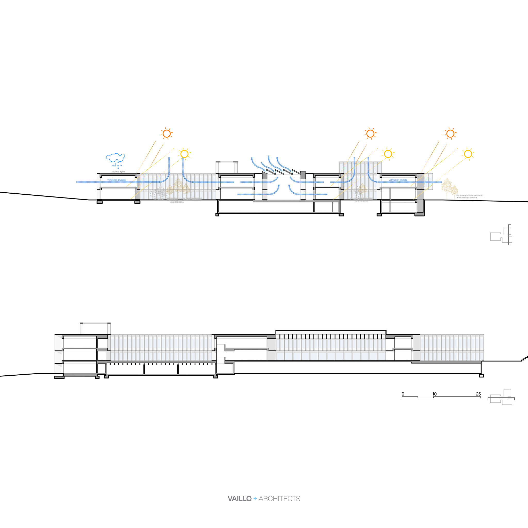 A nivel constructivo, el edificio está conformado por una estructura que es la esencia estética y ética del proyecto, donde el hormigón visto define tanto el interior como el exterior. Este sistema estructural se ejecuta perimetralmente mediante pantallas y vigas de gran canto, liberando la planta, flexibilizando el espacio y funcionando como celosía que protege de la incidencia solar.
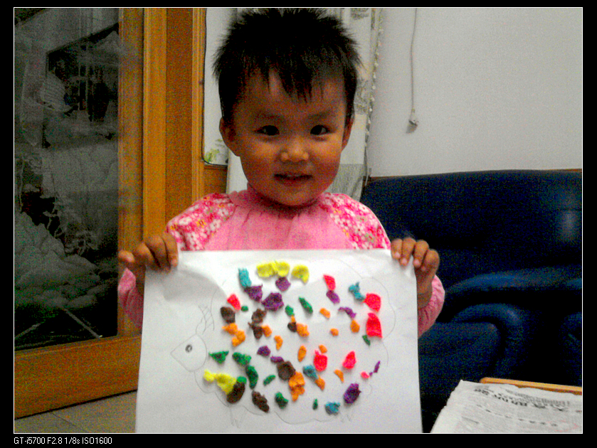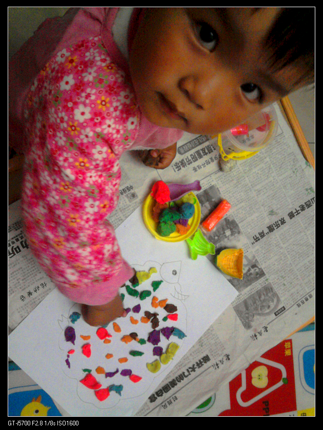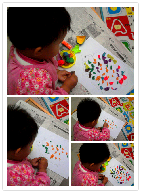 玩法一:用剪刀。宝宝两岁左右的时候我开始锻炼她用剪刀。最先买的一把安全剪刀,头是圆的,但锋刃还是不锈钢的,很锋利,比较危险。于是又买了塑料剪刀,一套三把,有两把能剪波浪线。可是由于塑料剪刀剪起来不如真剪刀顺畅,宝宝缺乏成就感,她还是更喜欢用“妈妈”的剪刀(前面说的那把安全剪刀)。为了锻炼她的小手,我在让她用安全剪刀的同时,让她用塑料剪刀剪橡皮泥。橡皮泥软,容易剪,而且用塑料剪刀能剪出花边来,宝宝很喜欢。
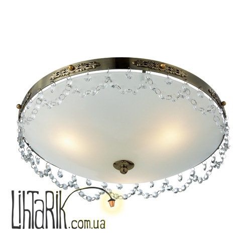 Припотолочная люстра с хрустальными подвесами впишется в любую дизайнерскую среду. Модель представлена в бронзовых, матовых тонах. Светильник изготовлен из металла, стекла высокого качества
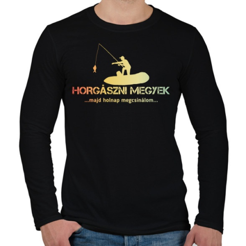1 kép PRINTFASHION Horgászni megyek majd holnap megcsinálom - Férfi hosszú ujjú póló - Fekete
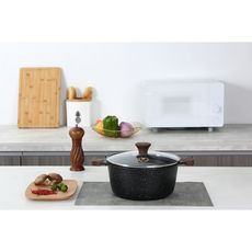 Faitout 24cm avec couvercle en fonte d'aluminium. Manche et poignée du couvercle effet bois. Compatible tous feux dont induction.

※ ※ ※

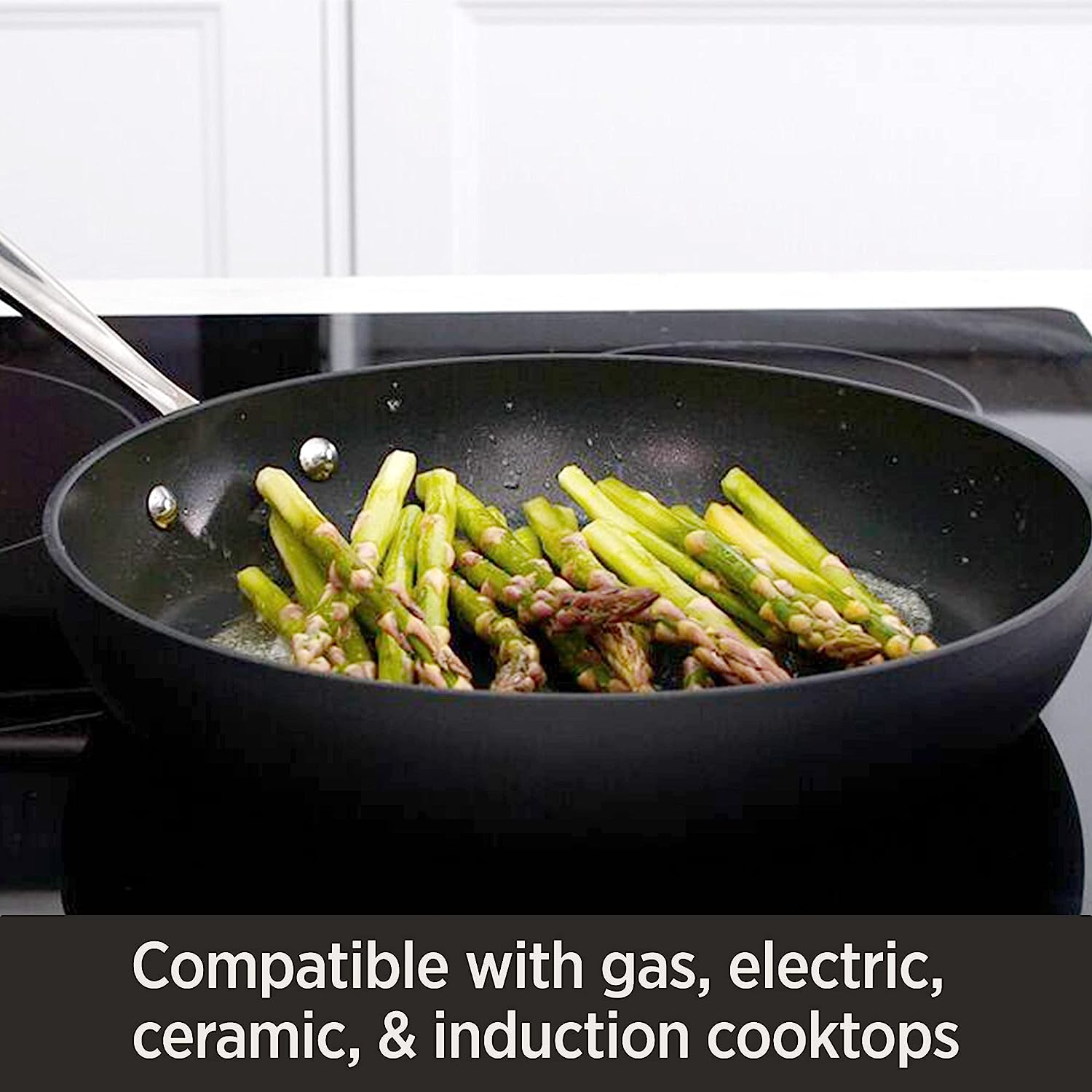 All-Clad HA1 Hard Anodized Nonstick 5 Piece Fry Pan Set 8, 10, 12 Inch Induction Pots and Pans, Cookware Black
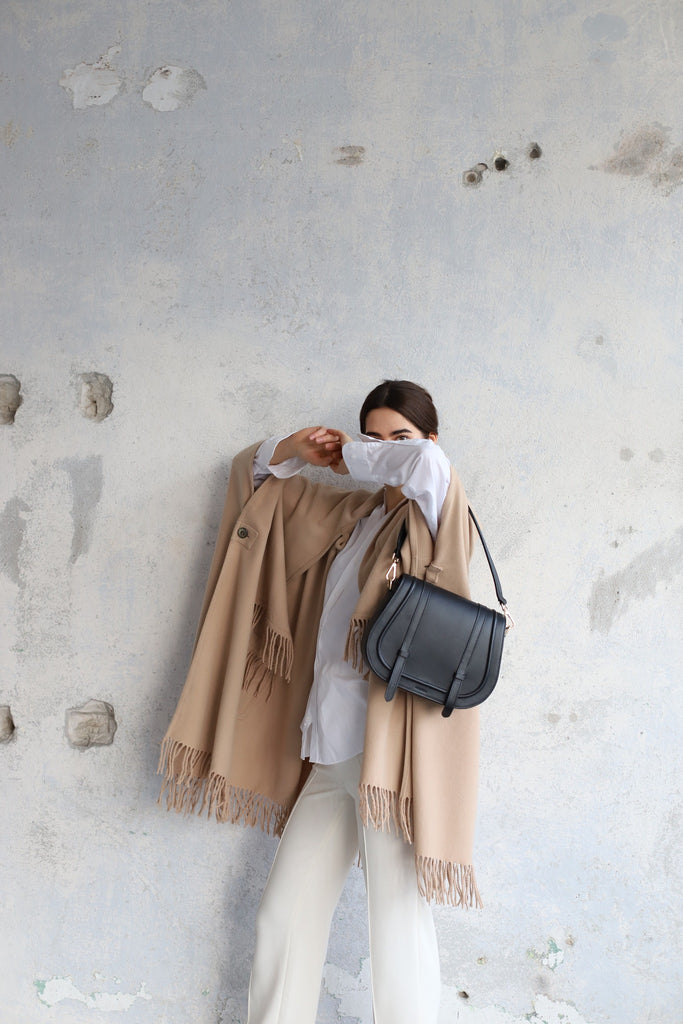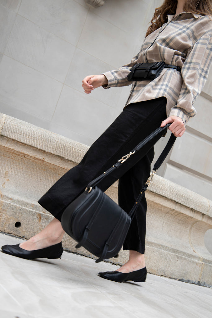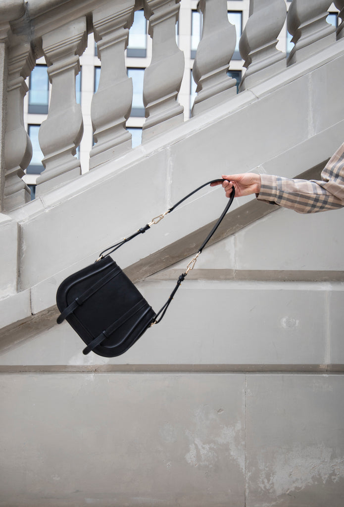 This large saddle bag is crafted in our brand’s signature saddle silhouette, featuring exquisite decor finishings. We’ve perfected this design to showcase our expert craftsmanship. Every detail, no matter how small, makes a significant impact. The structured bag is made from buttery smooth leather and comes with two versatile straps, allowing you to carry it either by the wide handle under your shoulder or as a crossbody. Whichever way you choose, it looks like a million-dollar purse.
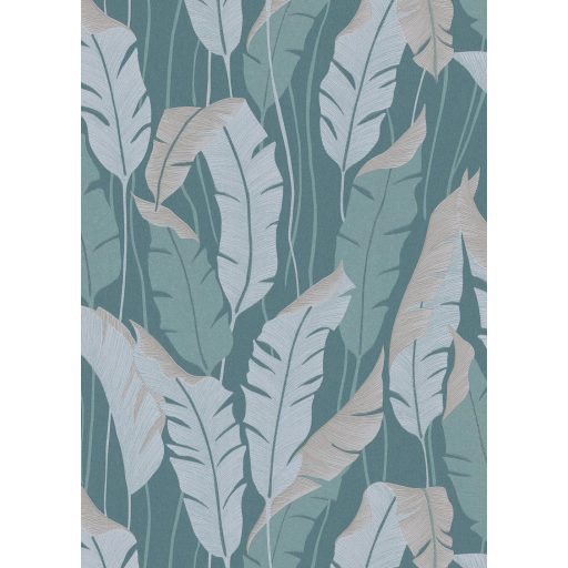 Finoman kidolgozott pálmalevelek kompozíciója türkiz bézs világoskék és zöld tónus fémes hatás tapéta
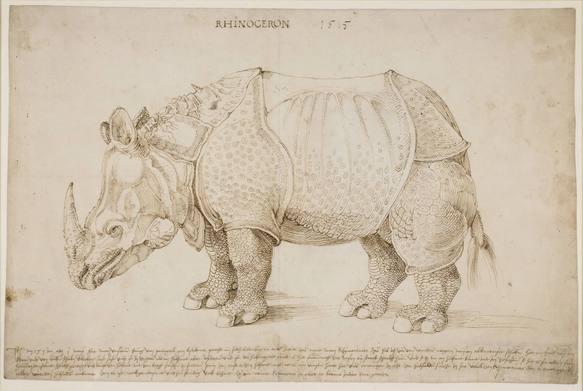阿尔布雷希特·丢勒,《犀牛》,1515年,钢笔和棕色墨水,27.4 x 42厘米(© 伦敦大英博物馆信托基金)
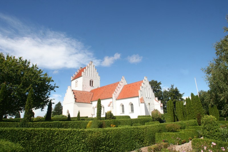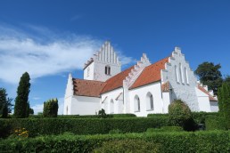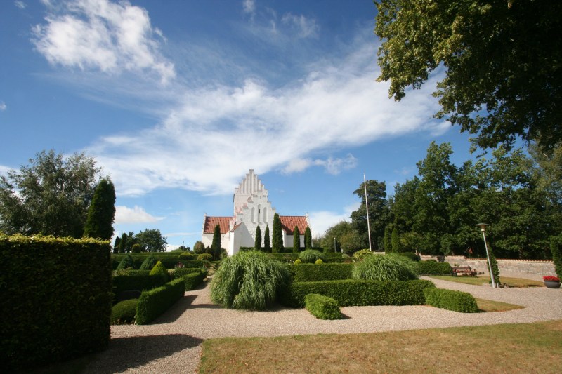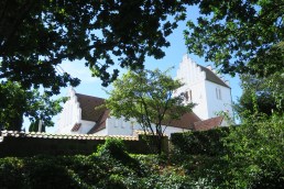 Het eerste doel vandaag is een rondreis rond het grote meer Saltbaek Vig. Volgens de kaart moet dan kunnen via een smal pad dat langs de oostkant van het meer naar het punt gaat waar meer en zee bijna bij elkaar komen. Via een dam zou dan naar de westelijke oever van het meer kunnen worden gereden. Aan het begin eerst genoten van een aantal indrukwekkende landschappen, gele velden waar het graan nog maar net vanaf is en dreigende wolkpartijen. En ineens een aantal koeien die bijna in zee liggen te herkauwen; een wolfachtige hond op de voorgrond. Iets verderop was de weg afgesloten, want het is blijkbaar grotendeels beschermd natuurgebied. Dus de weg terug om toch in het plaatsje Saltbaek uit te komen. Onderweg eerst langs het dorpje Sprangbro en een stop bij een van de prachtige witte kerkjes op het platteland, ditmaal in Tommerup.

※ ※ ※

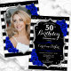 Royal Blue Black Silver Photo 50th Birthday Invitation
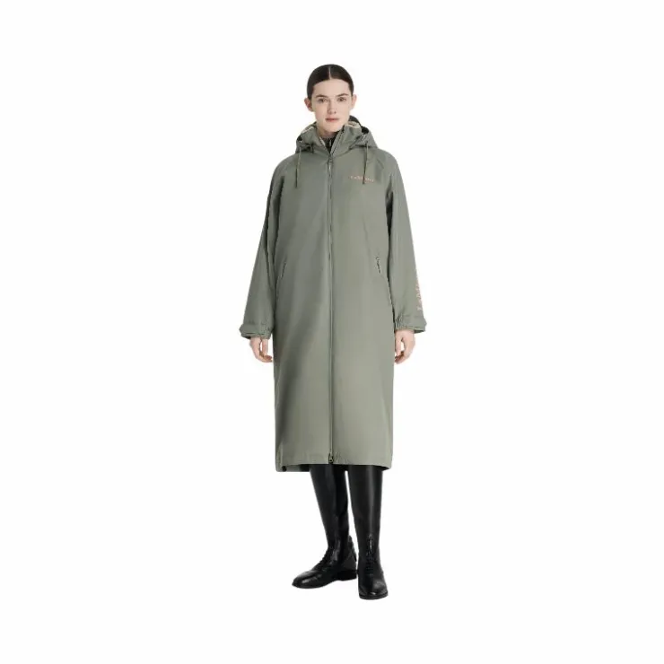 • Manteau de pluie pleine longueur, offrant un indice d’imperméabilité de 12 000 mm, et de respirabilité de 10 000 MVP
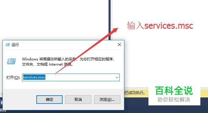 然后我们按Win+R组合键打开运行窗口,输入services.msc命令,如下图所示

※ ※ ※

| Required action |
Using the data above, give again exactly the lines starting at the one holding "All-Clad HA1 Hard" and ending at the one holding "阿尔布雷希特·丢勒,《犀牛》,1515年,钢笔和棕色墨水,27.4 x 42厘米(©", inclusive, and nothing more. Omit the pictures.

| Result below |
 All-Clad HA1 Hard Anodized Nonstick 5 Piece Fry Pan Set 8, 10, 12 Inch Induction Pots and Pans, Cookware Black
 This large saddle bag is crafted in our brand’s signature saddle silhouette, featuring exquisite decor finishings. We’ve perfected this design to showcase our expert craftsmanship. Every detail, no matter how small, makes a significant impact. The structured bag is made from buttery smooth leather and comes with two versatile straps, allowing you to carry it either by the wide handle under your shoulder or as a crossbody. Whichever way you choose, it looks like a million-dollar purse.
 Finoman kidolgozott pálmalevelek kompozíciója türkiz bézs világoskék és zöld tónus fémes hatás tapéta
阿尔布雷希特·丢勒,《犀牛》,1515年,钢笔和棕色墨水,27.4 x 42厘米(© 伦敦大英博物馆信托基金)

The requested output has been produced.